How to Use Suno AI: The Tool That Generates Full Songs With AI

How to Use Suno AI: The Tool That Generates Full Songs With AI

Before 2023, producing a professional song required years of training, expensive equipment, and hours in the studio. By 2026, you only need to type a sentence and Suno AI delivers a complete track, with vocals, instrumentation, mixing, and chorus, in under a minute. The tool surprises with output quality, and thousands of creators are already using AI-generated music in videos, podcasts, and even on streaming platforms.

This guide shows how to use Suno from scratch, the difference between simple mode and Custom Mode, how the free version works, and what to consider before monetizing an AI-generated song.

What Is Suno AI

Suno AI is an AI music generation platform founded in 2023 in Cambridge, Massachusetts, by veterans of applied audio AI (Mikey Shulman, Georg Kucsko, Martin Camacho, and Keenan Freyberg). In just two years, the company raised more than $125 million and reached a valuation above $500 million.
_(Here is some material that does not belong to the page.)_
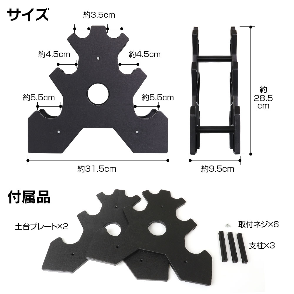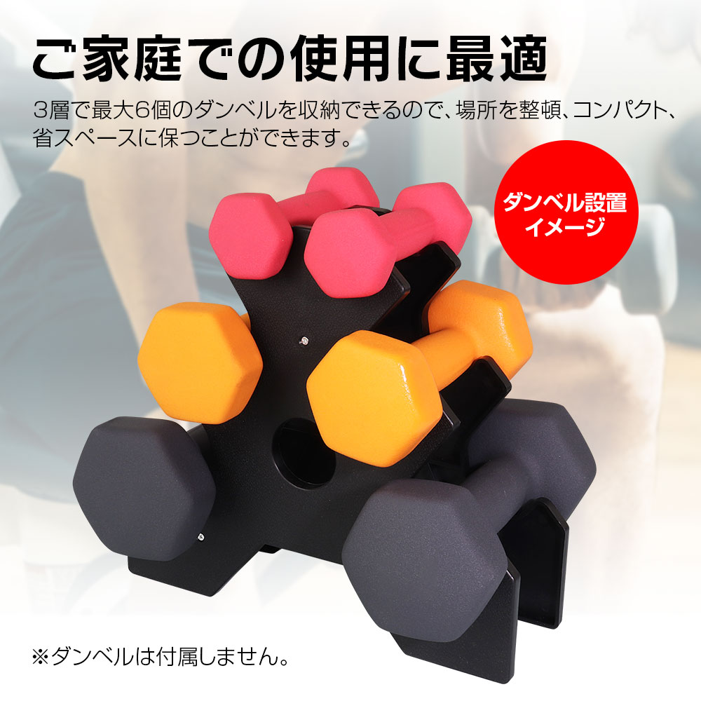 メーカー希望小売価格はメーカーサイトに基づいて掲載しています 商品の保証期間について(重要) 通常の保証期間は到着後から30日間となりますが、1年間保証など別途設定されている商品もあります。製品仕様に記載がありますのでご確認ください。また商品のサポートや保証方法について記載しております「ご注文前の注意事項、当社商品のサポートについて」をご注文前に必ずご確認いただきます様お願い申し上げます。ダンベルの収納に 最大6個のダンベルがスッキリと収納できるスタンドです。 ご家庭での使用に最適 3層で最大6個のダンベルを収納できるので、場所を整頓、コンパクト、省スペースに保つことができます。 材質:プラスチック 段数:3段 配置できるダンベルの数:6個 サイズ:約31.5×9.5×28.5cm 商品内容 土台プレート×2、支柱×3、取付ネジ×6 ご購入前のご注意 ※商品写真はあくまでイメージです。実際の商品と異なる場合がございますので、予めご了承ください。 ※輸入品につき、パッケージにダメージがある場合がございます。 ※ダンベルは別売です。 ※取扱説明書、ドライバーは付属しません。 「商品ページ」に保証期間が記載されている場合は商品ページの保証期間が適用されます。ご購入前に必ずご確認頂きます様お願い致します。 その他の商品保証に関しましては「返品、交換、保証について」を、ご注文前に必ずご確認下さい。 ご注文後の、保証内容錯誤による、ご対応は一切お受けできません。

The differentiator from other AI audio tools is simple: Suno generates complete music with sung vocals in any language, from a text prompt. Earlier tools produced only instrumentals or robotic vocals — Suno delivers a track ready to play.

In 2026 the default model is Suno v4, with audio quality at professional demo level, and the experimental v4.5 is already rolling out to Pro users. The platform competes directly with Udio (built by ex-DeepMind) and integrated tools like Stable Audio.
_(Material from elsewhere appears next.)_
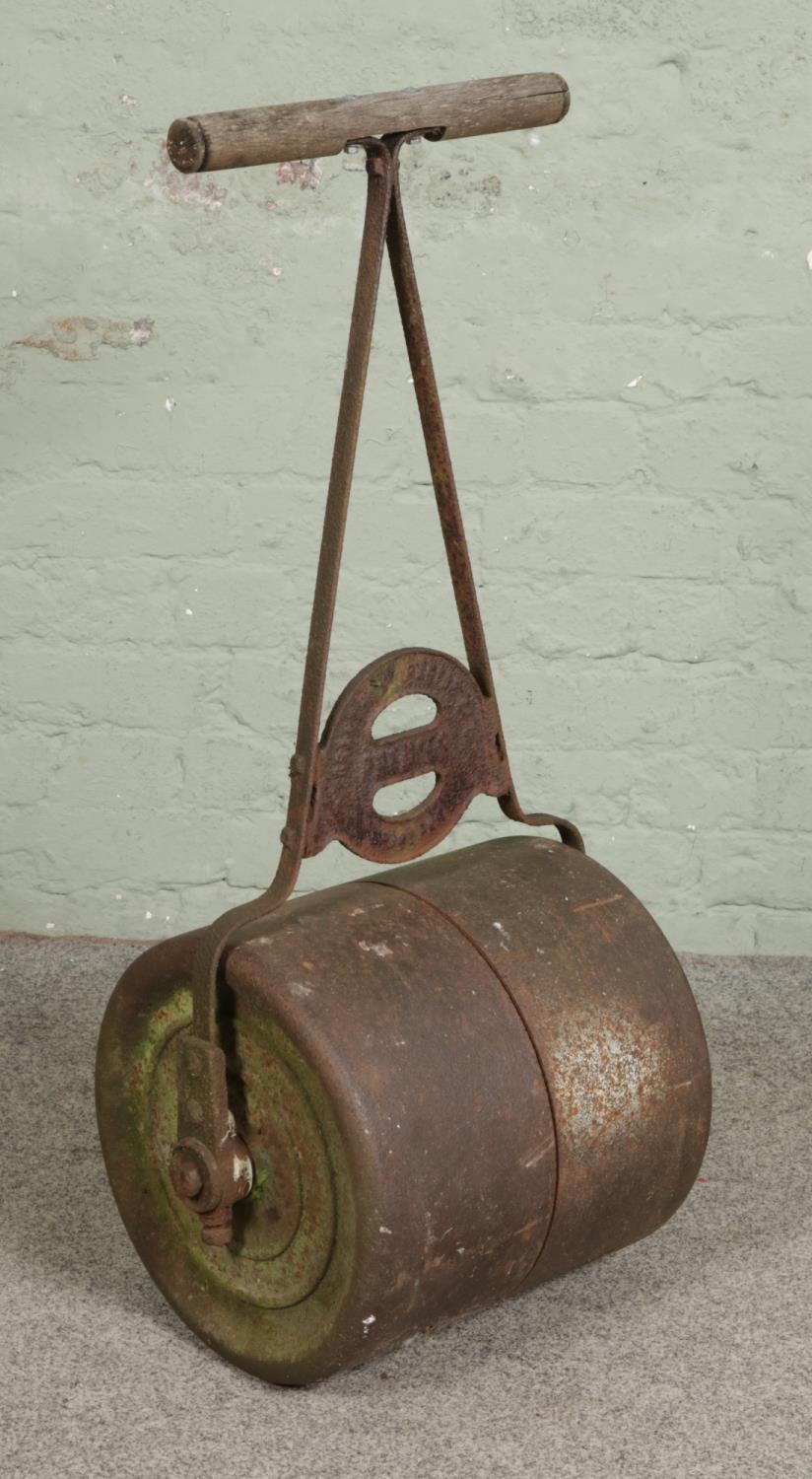 A vintage garden roller

How to Get Started With Suno

Entry is direct and needs no install:

  1. Go to suno.com
  2. Create an account with Google, Discord, Microsoft, or email
  3. You automatically get the free plan with 10 songs per day (50 daily credits)
  4. On the home screen, write the prompt in the “Describe your song” bar
  5. Click Create and in ~30 seconds you get two variations of the song

The interface is minimal. Every generated song goes into the Library tab and can be played, downloaded (MP3), or extended.

The Two Generation Modes

Suno has two creation modes, and understanding the difference completely changes the result quality.

Simple Mode (default)

You describe the song in natural language, “an upbeat pop rock song with female vocals about overcoming challenges” — and Suno handles everything: generates lyrics, picks the style, defines structure.

Good for:

  • Quick experiments
  • Background music for short videos
  • When you have no clear lyrics in mind
  • Memes and musical jokes

Limitation: you have little control over the result. The AI invents the lyrics, and sometimes they come out generic.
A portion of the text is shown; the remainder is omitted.